To submit a request to the cluster broker for a new cluster the /cluster/submit
endpoint needs to be POST
-ed to.
Header | Description |
---|---|
X-correlation-id | An identifier which will be entered into the logs to relate multiple log entries together. If not passed in, clusterId will be used. |
The content of the POST
request is defined by the CreationRequest
class. For example
{
"name": "test-cluster",
"releaseLabel": "emr-5.28.0",
"serviceRole": "arn:aws:iam::00000000000:role/service_role",
"jobFlowRole": "arn:aws:iam::00000000000:instance-profile/AE_EMR_EC2_Role",
"autoScalingRole": "arn:aws:iam::00000000000:role/auto_scaling_role",
"customInstanceConfig": {
"ec2SubnetId": "subnet-0000aaaa00a0000a0",
"useSpotPricing": false,
"instanceTemplate": "SMALL",
"keepAlivePostJob": true
},
"customEmrConfigs": [
{
"classification": "custom-classication",
"properties": {
"custom-property": "custom-value"
}
}
],
"steps": [
{
"name": "emr-setup",
"actionOnFailure": "CONTINUE",
"jarPath": "s3://s3-bucket-id/jar/prefix"
}
],
"applications": [
"Spark"
]
}
serviceRole
, jobFlowRole
and autoScalingRole
are optional - exclusion will revert to default values set by the cluster broker.

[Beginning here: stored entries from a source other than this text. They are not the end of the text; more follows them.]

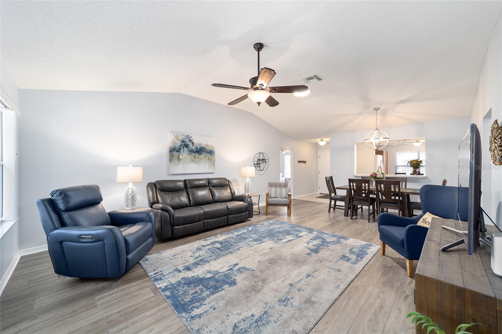 BOND PAID! Welcome home to your beautifully updated Wisteria model — full of warmth, comfort, and thoughtful upgrades. Step through the foyer and you’ll immediately notice the high ceilings, elegant luxury vinyl plank flooring, and abundant natural light streaming through the solar tube and enclosed lanai. The kitchen is bright and inviting, featuring light quartz countertops, ample wooden cabinetry, newer appliances, and space for a cozy breakfast table. Your primary suite offers a large bedroom, a generous walk-in closet, and a spacious en-suite bath with a glass-enclosed shower and double sinks. Sliding doors provide private access to the lanai. Guest bedrooms and the second bath are located on the opposite side of the home, ensuring privacy for both homeowners and guests. Additional highlights include inside laundry, PEX plumbing (2022), roof (2016), HVAC (2009), water heater (2022), and a NOVA water filtration system (2024). Recent updates also feature a new garage door, fresh interior paint (home and garage), new flooring, painted driveway, garage, lanai, and patio, refreshed landscaping, irrigation updates, and a new outdoor shutoff. Many light fixtures have also been replaced, and the solar tube adds additional brightness. The garage easily accommodates a car plus two golf carts stacked. Location is everything! You’re just 1.6 miles to Spanish Springs and 2 miles to Lake Sumter Landing, with Tierra Del Sol Championship Golf Course, restaurant, and theater right at the end of your street. The newly renovated De La Vista Executive Golf Course also reopens nearby in March. The rec center and pool are just four blocks away. Space launches can be seen out our front door! Whether you’re seeking a forever home, an investment property, or a seasonal retreat, this residence truly checks every box. Non-Ad Valorem Assessments are $774.86
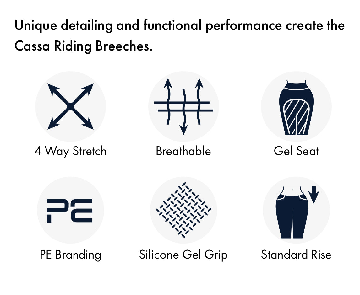 Designed to endure the day-to-day activities of the modern equestrian, the Cassa ladies breeches provide lasting comfort with an elegant, yet casual appearance.
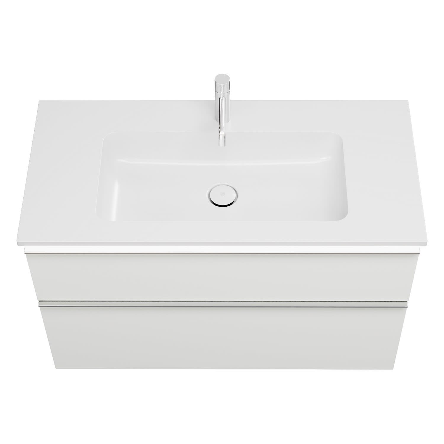 burgbad Eqio Waschtischkombination mit Mineralguss-Waschtisch und LED-Beleuchtung, 102 cm, mit Griffleiste G0251

Although the Cluster Broker uses Spring we want to provide a way of deploying and configuring the application via tools such as Terraform. As a result, we substitute configuration items with a ConfigurationService
class that will resolve config via env vars.
Possible configurations known to the app can be found in the ConfigKey
enum. If any of these are not present at runtime the app will not fail until the item has been resolved by the service.
Our API follows the Open API specification to gain the benefit of the API self-describing itself, from endpoints and request methods to example responses.
Swagger Annotations in @Controller
classes are used to provide the OpenAPI specification for our endpoints.
ReDoc is used to display the OpenAPI specification. This is provided as a static webpage at the root of the server. To see the documentation:
Locally:
Run Application.kt -> Navigate to https://localhost:8443/
OR
Build Docker container -> Run container & expose port 8443 -> Navigate to https://localhost:<exposed-port>/
In Deployed instance
Navigate to root of deployed instance.
The API has two-fold monitoring available to it - both provided via Spring.
Default metrication is handled by Spring Actuator. All endpoints not remapped (See below) can be found on their respective paths under the root /
. Some endpoints have been remapped to conform to standards and avoid clashing, refer to /resrouces/applciation.properties
for details on remapped endpoints
Any custom metrication is provided with the help of Spring metrics, whereby a Prometheus compliant endpoint is provided. To expose custom metrics to the prometheus pull api, the PrometheusMetricsService
class should be used across the project.
Cluster Broker uses Terraform to handle deployments to AWS Fargate. Terraform code can be found in terraform/deploy
.
Note that no .tfvars
files should be committed to the repository due to the potential revelation of secrets. See secrets for further information
-
Use
make
to download variables & interpret Jinja templates (See below)make bootstrap
-
Initialise Terraform
terraform init
-
Run Terraform plan and ensure everything is as expected
terraform plan
-
Once the plan is assured, apply the changes
terraform apply
For Terraform to deploy the service, we ned to include information which we do not want to commit. To enable us to use these values in Terraform code we have a variable inside AWS parameter store. Python and Jinja2 are used to download and insert the values into a template and write out the final TF code.
Make is used to download & interpolate variables and create the required .tf
files:
$ make bootstrap
The Make file has the following dependencies:
- Python3 & pip3.
- Terraform
- AWS credentials allowing download of the variables from AWS.
Note, not all of this functionality has been implemented in the cluster broker yet, however as it is implemented should follow the standards below
- EMR Cluster
- cluster-name-
- IAM Roles
- cb--
- Security Groups
- cb-
- DNS Records
- .
- Log (bucket path not the bucket itself)
- s3://path/logs/